Phenolic compounds, made up of aromatic rings with hydroxyl groups, represent the most abundant secondary metabolites in plant with more than 8000 identified structures. Plants generate phenolics via the shikimic pathway [86]. As reported in Table 4, different polyphenols including phenolics, flavonoids (flavonols, flavones, flavan-3-ols, anthocyanidins, flavanones, isoflavones, and others), and non-flavonoids (phenolic acids, hydroxycinnamates, stilbenes, and others) have been identified and quantified in B. nigra, B. oleracea var. acephala, B. oleracea var. costata, B. rapa L., B. napus, and B. alba seeds. The most abundant and diversified groups of polyphenols in Brassica species are flavonoids (mostly flavonols and anthocyanins) and hydroxycinnamic acids [86]. Flavonols are the major representative of flavonoids. Brassica crops’ principal flavonols, quercetin, kaempferol, and isorhamnetin, are most typically found as O-glycosides [87]. In Brassica vegetables, the most common hydroxycinnamic acids are p-coumaric (4-hydroxycinnamic), sinapic (3,5-dimethoxy-4-hydroxycinnamic), and ferulic acids (4-hydroxy-3-methoxycinnamic) [11,88]. In Brassica seeds, the most prominent phenolic compounds were determined to be sinapic acid derivatives such as 1-O-β-D-glucopyranosyl sinapate and 1,2-di-O-sinapoyl-β-D-glucose [82].

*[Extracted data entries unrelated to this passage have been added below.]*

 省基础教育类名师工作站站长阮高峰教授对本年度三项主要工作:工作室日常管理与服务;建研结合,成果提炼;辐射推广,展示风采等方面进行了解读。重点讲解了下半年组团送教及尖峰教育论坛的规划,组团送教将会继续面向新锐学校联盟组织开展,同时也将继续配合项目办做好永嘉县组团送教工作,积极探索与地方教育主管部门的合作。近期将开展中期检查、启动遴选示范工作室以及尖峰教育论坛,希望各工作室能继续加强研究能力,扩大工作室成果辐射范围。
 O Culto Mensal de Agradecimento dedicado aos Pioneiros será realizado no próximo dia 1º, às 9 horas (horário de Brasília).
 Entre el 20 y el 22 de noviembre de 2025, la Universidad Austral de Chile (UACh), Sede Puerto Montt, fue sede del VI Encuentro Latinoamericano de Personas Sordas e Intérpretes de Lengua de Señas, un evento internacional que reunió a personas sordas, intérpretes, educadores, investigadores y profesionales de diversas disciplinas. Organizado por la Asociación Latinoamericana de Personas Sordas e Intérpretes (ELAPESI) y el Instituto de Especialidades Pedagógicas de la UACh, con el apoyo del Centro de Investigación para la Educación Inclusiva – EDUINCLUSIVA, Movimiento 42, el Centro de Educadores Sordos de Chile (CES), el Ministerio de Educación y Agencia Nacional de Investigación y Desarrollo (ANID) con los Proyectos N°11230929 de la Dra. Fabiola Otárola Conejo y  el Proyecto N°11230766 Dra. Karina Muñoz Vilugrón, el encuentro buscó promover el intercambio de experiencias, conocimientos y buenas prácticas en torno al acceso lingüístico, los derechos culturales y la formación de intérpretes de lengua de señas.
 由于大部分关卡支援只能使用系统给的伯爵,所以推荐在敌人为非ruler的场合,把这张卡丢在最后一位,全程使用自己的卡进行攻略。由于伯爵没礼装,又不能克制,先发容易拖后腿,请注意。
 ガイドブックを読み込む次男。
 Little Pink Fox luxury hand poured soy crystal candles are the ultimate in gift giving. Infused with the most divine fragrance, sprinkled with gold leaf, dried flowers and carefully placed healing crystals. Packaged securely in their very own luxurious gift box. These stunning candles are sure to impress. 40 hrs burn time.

The seed composition profile of Brassica differs with the variety, extraction solvent, and detection or quantification methods used. Compared to other Brassica species, B. napus seeds have been shown to be particularly rich in polyphenols through the detection of 91 flavonoids and hydroxycinnamic acid derivatives and the identification of 78 compounds, of which 55 were first reported in B. napus L. var. napus and 24 were first detected in the genus Brassica [89]. In another phytochemical investigation in B. napus seeds from different winter type oilseed rape genotypes (Aviso (00), CMB1039 (00), Doublol (00), JetNeuf (0þ), and PR3984 (00)), 13 different flavonoids were identified by liquid chromatography coupled to electrospray ionization mass spectrometry (LC–ESI-MSn) and characterized for the first time in the seed coat of B. napus, and isorhamnetin-hexoside-sulfate and isorhamnetin-sinapoyltrihexoside were newly identified in Brassica spp. [90].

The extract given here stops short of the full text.